To that end, OEMs are finding out that developing their own systems from scratch is infeasible (ending up with a worse system at a higher price and later time to market), and hence instead they are turning to the industry leader, Mobileye, even if they have or had their own in-house projects.
As such, it isn’t just Apple that has seen setbacks in its developments. Others include Tesla, General Motors (GM) Cruise, and Ford (F). It turns out that developing an autonomous driving system isn’t the same as developing any other consumer or even enterprise-grade software where bugs are patched as they are found.
One such example is the difficulty of mapping. Maps are pretty much required to develop a reliable AV. However, regular GPS maps are not suitable, lacking precision. This has required existing robotaxi players such as Waymo to manually craft maps, a process which is unscalable. In contrast, Mobileye has developed its own crowdsourced REM mapping system that it first launched as part of its “cloud-enhanced” ADAS systems (and even some models before that to start collecting data). It is already in millions of vehicles, collecting billions of kilometers of road data.
Fiscal Q1 earnings
In its fiscal Q1, Apple reported less than 2% revenue growth. Except for its services segment, all its other major reported businesses (iPhone, Mac, iPad and other hardware such as wearables) are quite mature, with little long-term potential for future growth, unless perhaps by raising prices.

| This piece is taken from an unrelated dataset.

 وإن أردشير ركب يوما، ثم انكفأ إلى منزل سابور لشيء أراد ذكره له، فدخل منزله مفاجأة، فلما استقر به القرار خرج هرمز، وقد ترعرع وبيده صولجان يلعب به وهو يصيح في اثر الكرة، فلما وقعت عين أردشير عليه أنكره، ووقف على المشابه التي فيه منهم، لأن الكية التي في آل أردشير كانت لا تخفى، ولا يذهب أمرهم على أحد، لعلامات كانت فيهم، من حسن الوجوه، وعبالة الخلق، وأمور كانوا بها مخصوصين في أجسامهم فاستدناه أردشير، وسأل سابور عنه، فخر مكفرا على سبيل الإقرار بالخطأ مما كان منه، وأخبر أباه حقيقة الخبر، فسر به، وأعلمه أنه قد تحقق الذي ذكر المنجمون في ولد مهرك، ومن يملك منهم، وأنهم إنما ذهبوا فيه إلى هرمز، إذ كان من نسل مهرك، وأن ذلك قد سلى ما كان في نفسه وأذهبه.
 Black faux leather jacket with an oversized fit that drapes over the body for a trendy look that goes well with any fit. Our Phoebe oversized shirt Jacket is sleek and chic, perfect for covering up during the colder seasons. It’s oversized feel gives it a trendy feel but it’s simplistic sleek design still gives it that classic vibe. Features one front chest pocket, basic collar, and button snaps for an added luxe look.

Although the earnings were up low double digits, this was mainly driven by lower cost of goods sold.
So, while the Apple Car rumor has mixed reception among investors, major product launches are nevertheless one of the few ways for Apple to drive growth. However, given the size of its business, even a product such as the $3500 Vision Pro is unlikely to contribute more than single digits to its overall revenue, which amounted to about $120B in fiscal Q1.

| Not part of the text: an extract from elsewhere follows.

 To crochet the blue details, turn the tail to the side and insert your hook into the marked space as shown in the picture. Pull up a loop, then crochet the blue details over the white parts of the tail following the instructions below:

Hence, Apple’s premium valuation of nearly 30x P/E clearly isn’t based on its growth performance. Nevertheless, for investors to see compelling returns from the current stock price, or even just to continue justifying the current valuation, exactly such growth is lacking that an Apple Car might deliver.

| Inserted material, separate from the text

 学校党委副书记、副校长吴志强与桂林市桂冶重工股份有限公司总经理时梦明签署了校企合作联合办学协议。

Looking at Tesla, Apple Inc. has arguably missed an opportunity to add another trillion dollars to its market cap by missing the rise of the electric vehicle, or EV. In addition, Apple may hence have missed the opportunity to add another trillion or so to its market cap as it is now also missing the rise of the autonomous vehicle, or AV. Taken together, these developments are turning the car into the next computing platform.
In its currently rumored form, the Apple Car would have a non-differentiated feature set being an L2+ system, which is technological level of which there are already vehicles on the road, and many more are expected in the next three years, most notably based on Mobileye’s SuperVision system.
On the surface it might have seen that developing an AV would play to Apple’s strengths: sensors, highly capable chips and advanced software and AI. However, in reality, developing an AV has turned out to be more like designing a mission-critical system like airplanes’ autopilot, while having the requirement of nevertheless scaling this globally to millions of consumers potentially. Mobileye in that regard remains pretty much the only company to have solved the for newcomers almost insurmountable challenge of creating global HD maps.
Nevertheless, taking a long-term outlook, despite a lot of frenzy over the last decade, today L2+ in consumers vehicles and L4 in robotaxis (never mind in consumer vehicles) remain at the very initial stages of small-scale adoption. This could mean that even in 2028, Apple could make quite some headlines with an Apple Car, even if it was just for being one of the most notable companies having a very large fan and installed base to sell into.